⟨

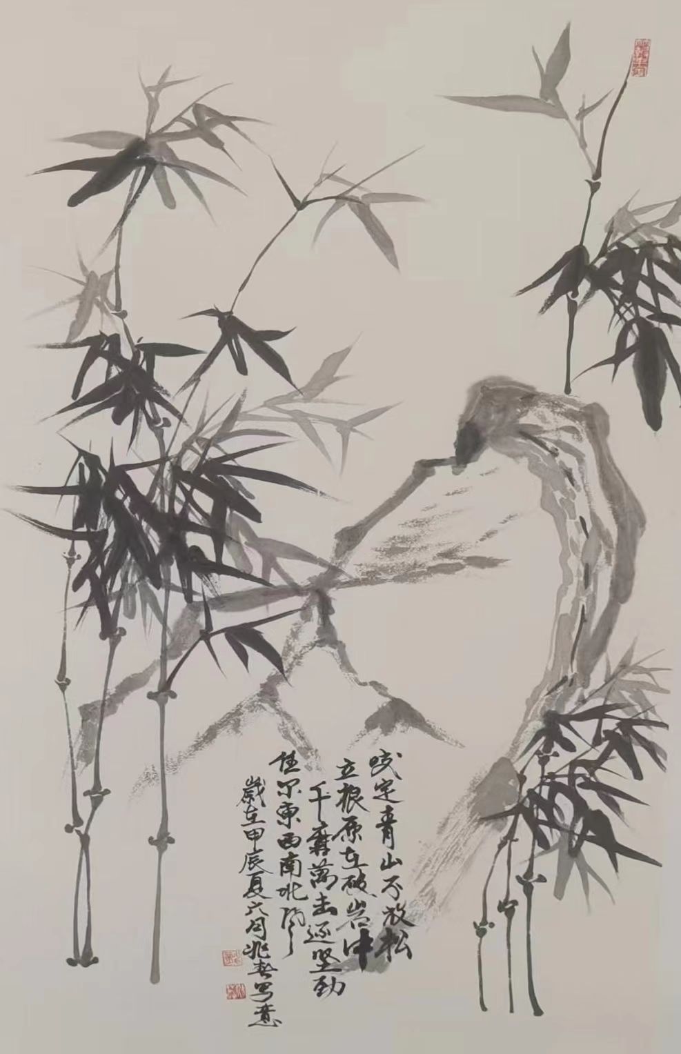 国画《咬定青山不放松》100x50cm(荣获第二十七届秦韵杯全国书画大赛状元奖参赛作品)
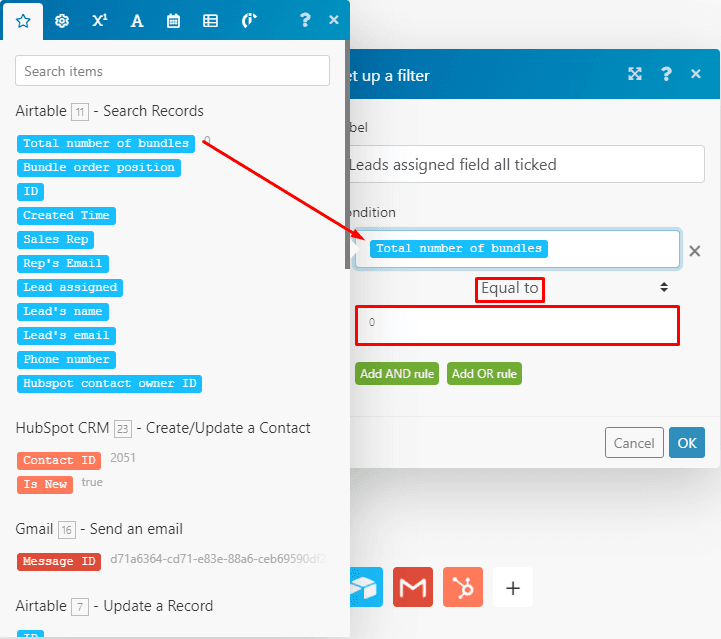 As the formula suggests, this module searches if the “Leads assigned” column has any empty or unticked records. If all fields are ticked, the module will output 0 bundles of data.
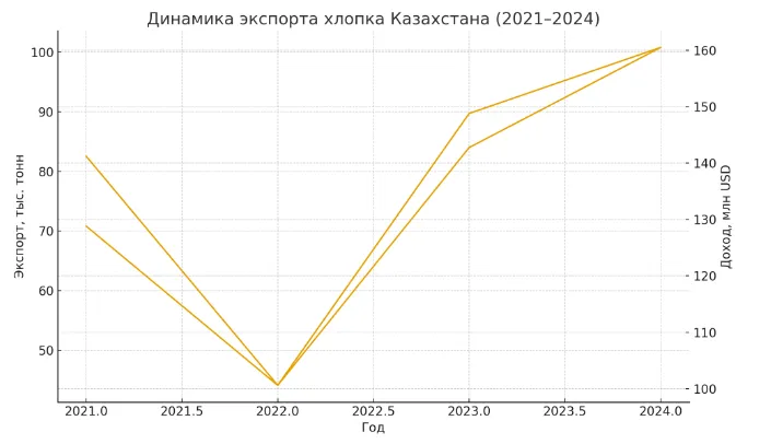Тем не менее, если смотреть на статистику последних лет, отрасль демонстрирует устойчивый рост. В 2021 году Казахстан экспортировал 70,8 тысяч тонн хлопка, в 2023 году – уже 84 тысяч тонн, а 2024 год стал рекордным – 100,8 тысяч тонн.
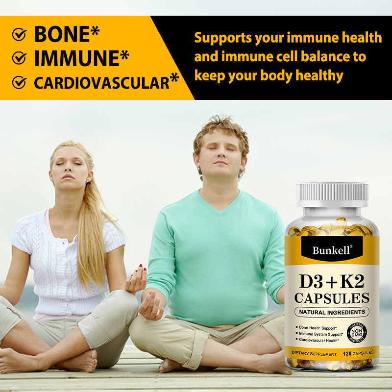 Viên nang Vitamin D3 5000iu và Vitamin K2 (Mk7) 200mcg hỗ trợ sức khỏe xương, răng, cơ và miễn dịch
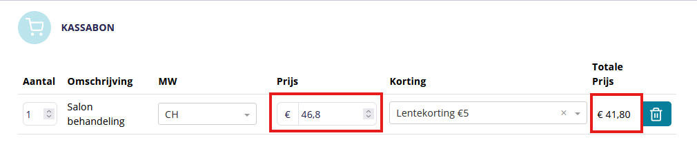 - De korting wordt dan automatisch toegevoegd en berekend.
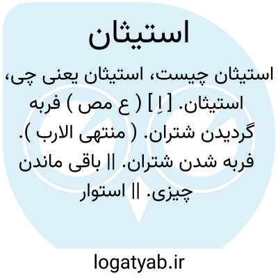 استیثان. [ اِ ] ( ع مص ) فربه گردیدن شتران. ( منتهی الارب ). فربه شدن شتران. || باقی ماندن چیزی. || استوار گردیدن چیزی. || بسیار ورزیدن مال را. یقال: استوثن من المال؛ ای استکثر منه. || دو فرقه گردیدن خرمابنان، یعنی خرد و کلان. ( منتهی الارب ). بزرگ و خرد بودن خرمابنان. || در پی رفتن شترکرگان شتران را. پی رو شتران شدن شتربچگان. ( منتهی الارب ).

⟩

| Task brief |
Give back the whole listing exactly as written. Do not include any picture.

| Task output |
 国画《咬定青山不放松》100x50cm(荣获第二十七届秦韵杯全国书画大赛状元奖参赛作品)
 As the formula suggests, this module searches if the “Leads assigned” column has any empty or unticked records. If all fields are ticked, the module will output 0 bundles of data.
Тем не менее, если смотреть на статистику последних лет, отрасль демонстрирует устойчивый рост. В 2021 году Казахстан экспортировал 70,8 тысяч тонн хлопка, в 2023 году – уже 84 тысяч тонн, а 2024 год стал рекордным – 100,8 тысяч тонн.
 Viên nang Vitamin D3 5000iu và Vitamin K2 (Mk7) 200mcg hỗ trợ sức khỏe xương, răng, cơ và miễn dịch
 - De korting wordt dan automatisch toegevoegd en berekend.
 استیثان. [ اِ ] ( ع مص ) فربه گردیدن شتران. ( منتهی الارب ). فربه شدن شتران. || باقی ماندن چیزی. || استوار گردیدن چیزی. || بسیار ورزیدن مال را. یقال: استوثن من المال؛ ای استکثر منه. || دو فرقه گردیدن خرمابنان، یعنی خرد و کلان. ( منتهی الارب ). بزرگ و خرد بودن خرمابنان. || در پی رفتن شترکرگان شتران را. پی رو شتران شدن شتربچگان. ( منتهی الارب ).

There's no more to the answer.